Hacker News new | past | comments | ask | show | jobs | submit login

+1; Ideally I want a tool I don't have to specify the context for. If I can point it via config files at my medium-sized codebase once (~2000 py files; 300k LOC according to `cloc`) then it starts to get actually usable.

Cursor Composer doesn't handle that and seems geared towards a small handful of handpicked files.

Would codebuff be able to handle a proper sized codebase? Or do the models fundamentally not handle that much context?




Yes. Natively, the models are limited to 200k tokens which is on the order of dozens of files, which is way too small.

But Codebuff has a whole preliminary step where it searches your codebase to find relevant files to your query, and only those get added to the coding agent's context.

That's why I think it should work up to medium-large codebases. If the codebase is too large, then our file-finding step will also start to fail.

I would give it a shot on your codebase. I think it should work.


RAG is a well-known technique now, and to paraphrase Emily Bender[1], here are some reasons why it's not a solution.

The code extruded from the LLM is still synthetic code, and likely to contain errors both in the form of extra tokens motivated by the pre-training data for the LLM rather than the input texts AND in the form of omission. It's difficult to detect when the summary you are relying on is actually missing critical information.

Even if the set up includes the links to the retrieved documents, the presence of the generated code discourages users from actually drilling down and reading them.

This is still a framing that says: Your question has an answer, and the computer can give it to you.

1 https://buttondown.com/maiht3k/archive/information-literacy-...


We actually don't use RAG! It's not that good as you say.

We build a description of the codebase including the file tree and parsed function names and class names, and then just ask Haiku which files are relevant!

This works much better and doesn't require slowly creating an index. You can just run Codebuff in any directory and it works.


It sounds like it's arguably still a form of RAG, just where the retrieval is very different. I'm not saying that to knock your approach, just saying that it sounds like it's still the case where you're retrieving some context and then using that context to augment further generation. (I get that's definitely not what people think of when you say RAG though.)


Genuine question: at what point does the term RAG lose its meaning? Seems like LLMs work best when they have the right context, and that context must be pulled from somewhere for the LLM. But if that's RAG, then what isn't? Do you have a take on this? Been struggling to frame all this in my head, so would love some insight.

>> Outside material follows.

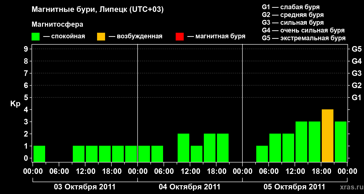 Изменения геомагнитного индекса Kp с 3 по 5 октября 2011 года для средних широт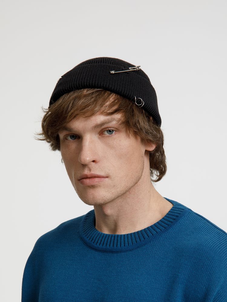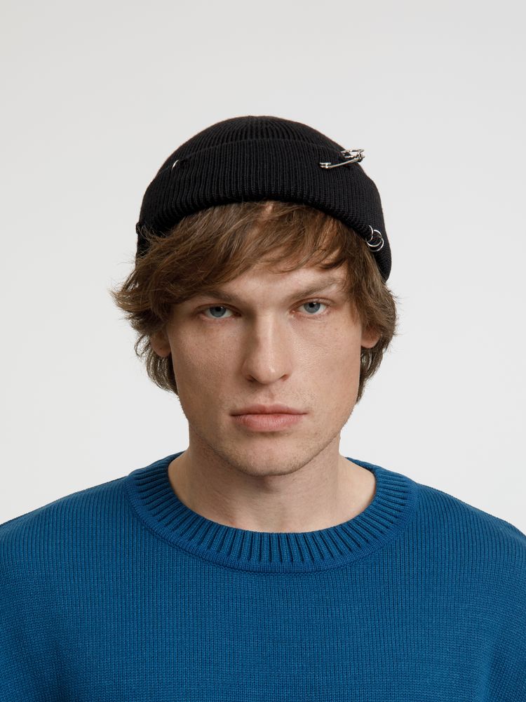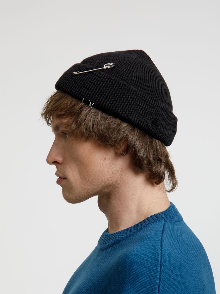Однослойная шапка бини с рваным отворотом и металлическими аксессуарами для дерзких образов в любом возрасте. Яркий и запоминающийся акцент в стиле гранж.

RAG is a search step in an attempt to put relevant context into a prompt before performing inference. You are “augmenting” the prompt by “retrieving” information from a data set before giving it to an LLM to “generate” a response. The data set may be the internet, or a code base, or text files. The typical examples online uses an embedding model and a vector database for the search step, but doing a web query before inference is also RAG. Perplexity.ai is a RAG (but fairly good quality). I would argue that Codebuff’s directory tree search to find relevant files is a search step. It’s not the same as a similarity search on vector embeddings, and it’s not PageRank, but it is a search step.

Things that aren’t RAG, but are also ways to get a LLM to “know” things that it didn’t know prior:

1. Fine-tuning with your custom training data, since it modifies the model weights instead of adding context. 2. LoRA with your custom training data, since it adds a few layers on top of a foundation model. 3. Stuffing all your context into the prompt, since there is no search step being performed.


Gotcha – so broadly encompasses how we give external context to the LLM. Appreciate the extra note about vector databases, that's where I've heard this term used most, but I'm glad to know it extends beyond that. Thanks for explaining!


Not RAG: asking the LLM to generate using its internal weights only

RAG: providing the LLM with contextual data you’ve pulled from outside its weights that you believe relate to a query


Nice, super simple. We're definitely fitting into this definition of RAG then!


I think parsimo2010 gave a good definition. If you're pulling context from somewhere using some search process to include as input to the LLM, I would call that RAG.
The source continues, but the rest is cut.